Sunday July 12, 2009

provender [PROV-uhn-duhr]

noun

  1. Food for domestic livestock, such as hay, straw, corn, oats, or a mixture of ground grain; feed.
  2. A stock or supply of foods.
  • His and Waters' search for exquisite ingredients for his flights of fancy fostered, in a roundabout way, what became the Chez Panisse credo of using only the freshest, most sustainably and locally produced seasonal provender.
    Karola Saekel, "Chez Panisse's unrivaled saga brought to life", San Francisco Chronicle, Apr 6, 2007
  • Nature's rich and varied larder also provided meat for holiday tables.
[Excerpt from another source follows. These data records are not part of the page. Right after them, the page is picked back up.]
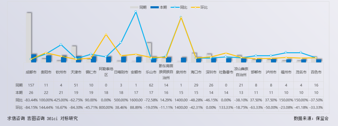 从销量分布来看,该企业市场高度集中,销量主要来源于二三线城市,前20城市占总销量的121.07%。一线城市仅一地入榜,新一线城市入围2个,二三线城市入围17个。成都市本期贡献264辆,占比9.96%排第1,同比增长-83.44%辆,环比增长-84.15%,占当地市场份额1.06%,较上年同期缩小-2.08个百分点。安顺市综合表现较为突出,本期贡献17辆,同比增长1600.00%,环比增长88.89%,市场份额7.02%,较上同期扩大6.82个百分点。
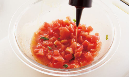 4. オリーブ油を3~4回に分けて加え、そのつどよく混ぜ合わせる(【フレッシュトマトソース】の完成)。
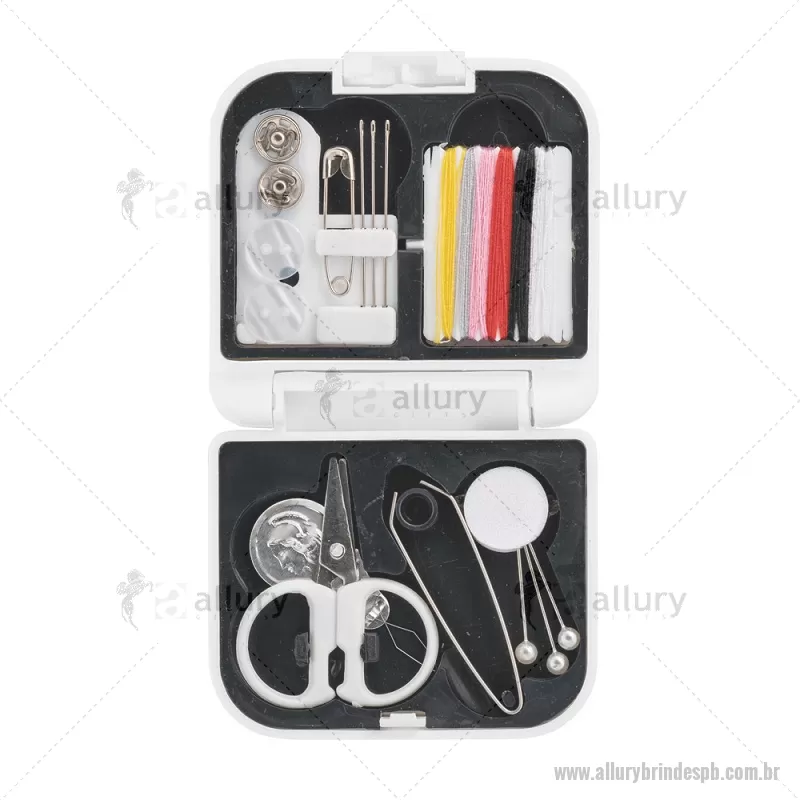 Kit de costura prático e leve para viagem Conjunto de costura prático e leve para levar em viagem. Composto por 3 alfinetes, 3 agulhas, 1 pinça, 1 tesoura, 1 enfia linha, 1 alfinete, 2 botões, 2 colchetes e 6 rolos de linhas de várias cores. Fornecido em estojo. Medidas: 70 x 21 x 65 mm Peso do Produto (g.): 46 - - ALLPBFEM084
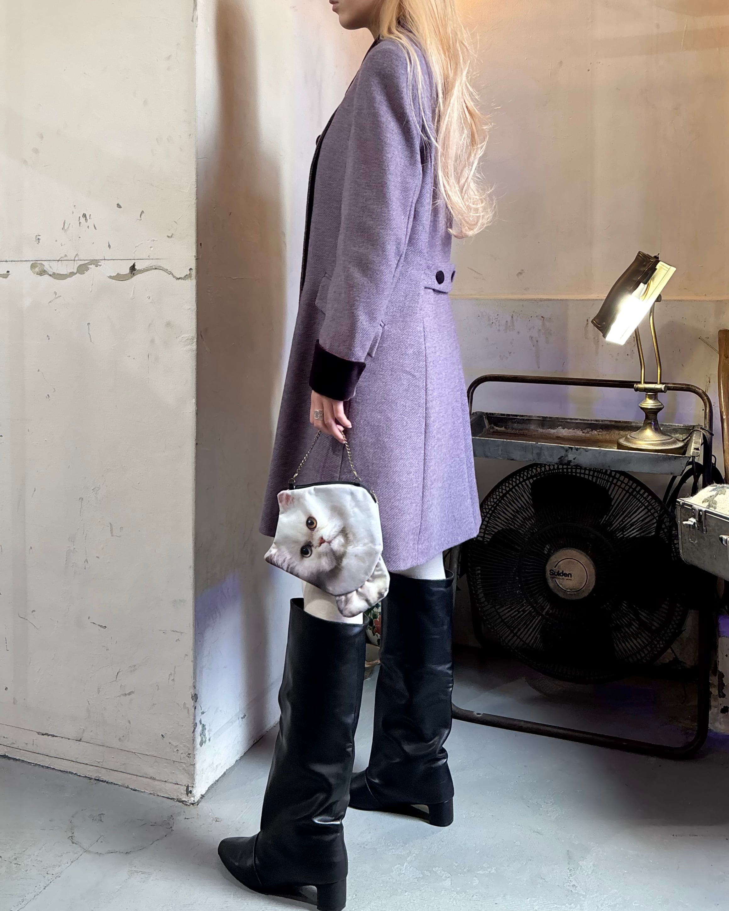 薄いラベンダーカラーのウール地に襟や袖元は艶やかな濃いパープルのベルベット生地の切り替えになっています。
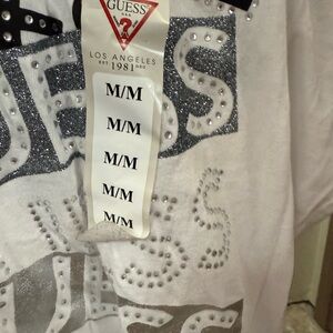 Chic white tee with bold Guess logo. Perfect for casual outings.
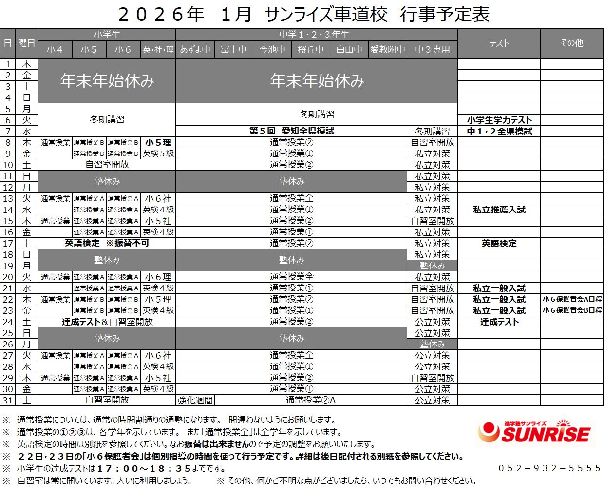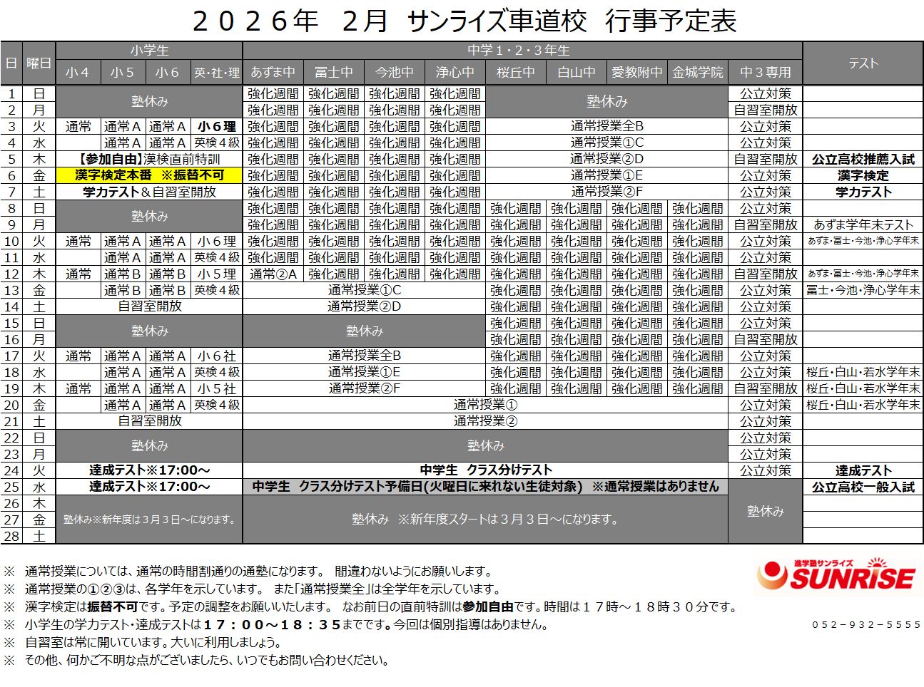 2026年度 3月「特別」時間割
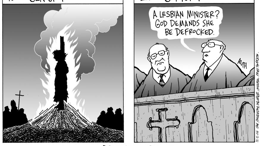 Most importantly, I wish to thank The Philadelphia Inquirer, which for 34 years, and under the leadership of a variety of editors and publishers has been nurturing, encouraging and tolerant when I've come very close to, or actually gone over the cliff. Amanda Bennett, the current editor of The Inquirer, is one of the relatively small number of editors in the country who understand that the best cartoons are, by definition, going to infuriate some of our readers. She has defended my independence on numerous occasions, and has a long history as a defender of outraged cartoonists, and some would say outrageous cartoons. When she was editor of the Lexington Herald-Leader, hers was one of only five papers in the country that published Pat Oliphant's memorable drawing on the child sexual abuse scandal in the Catholic Church entitled "Celebration of spring at Saint Paedophilia's , the annual running of the altar boys." She was the only editor to have published that drawing who didn't apologize for having done so, and she actually published it again on a page devoted to angry letters denouncing the cartoon and the Herald-Leader.
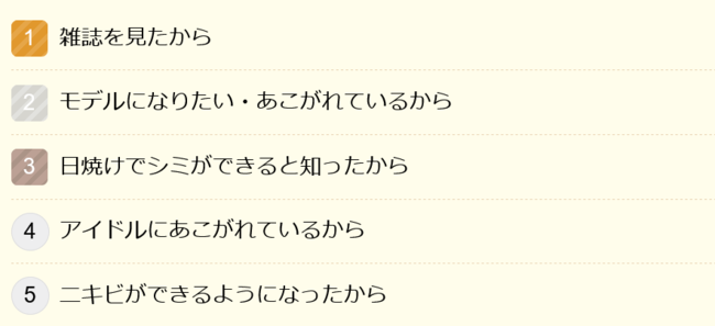 「雑誌を見たから」が最多でした。2位以下には、芸能人への憧れや、シミ・肌荒れの予防のためといった意見も集まりました。
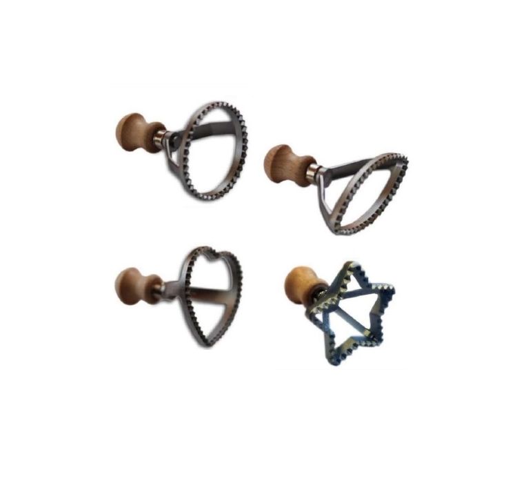Maggiori dettagliTagliaravioli in alluminio satinato, manico in legno di faggio, forme a scelta:
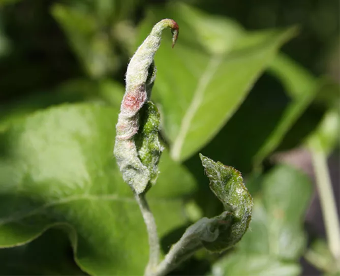 - сильно заражені листові бруньки часто відмирають і не розвиваються в наступному сезоні, менш заражені листки дрібні, скручені, зморщені, мають подовжені черешки;
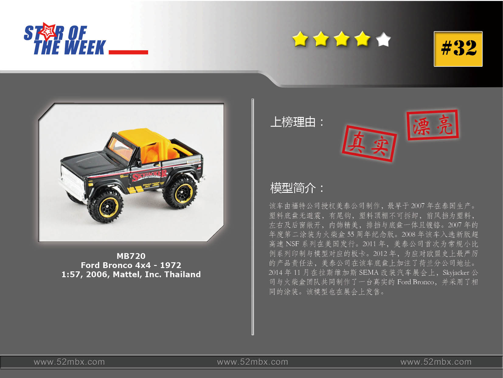#32 – Ford Bronco 4×4 – 1972这个SkyJacker版本还有真车参展,值得搞一个原包的来保存。
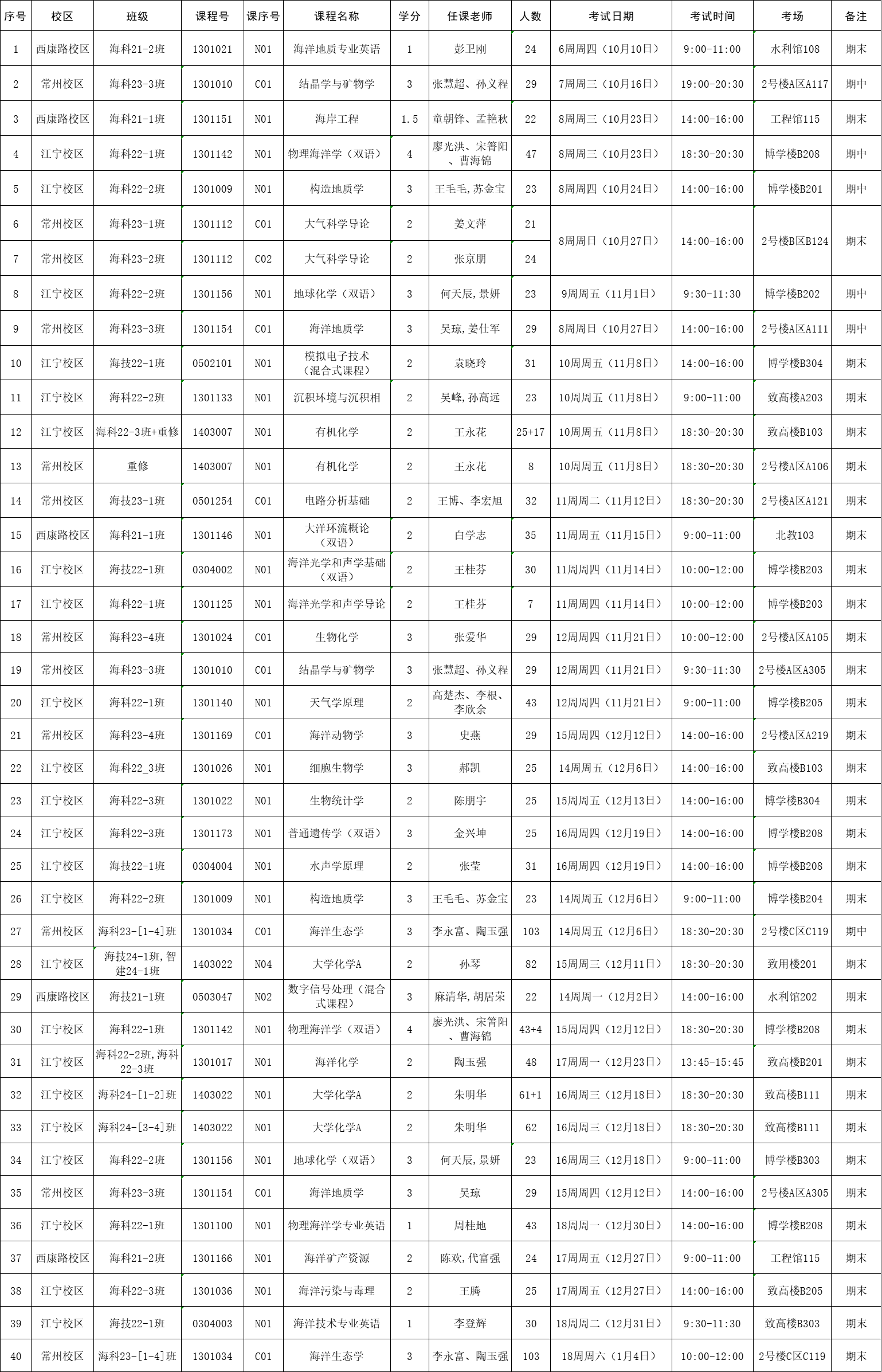 2024-2025-1学期海洋院专业课考试安排

This was a time when deer and wild turkeys were as scarce as the proverbial hen's teeth, but rabbits, squirrels, grouse and quail provided plentiful, highly palatable provender.
    Jim Casada, "Christmas musings and memories", Herald, Dec 18, 2005
  • The hermit was apparently somewhat moved to compassion by the anxiety as well as address which the stranger displayed in tending his horse; for, muttering something about provender left for the keeper's palfrey, he dragged out of a recess a bundle of forage, which he spread before the knight's charger, and immediately afterwards shook down a quantity of dried fern in the corner which he had assigned for the rider's couch.
    Sir Walter Scott (1771 - 1832) A prolific Scottish historical novelist and poet. Ivanhoe (1819)

Origin of the Word

Provender, approximately 1306, derives from Old French provendir, from Late Latin prebenda "allowance, subsistence," from Latin prebenda "(things) to be furnished, from pre- "before" + habere "to hold".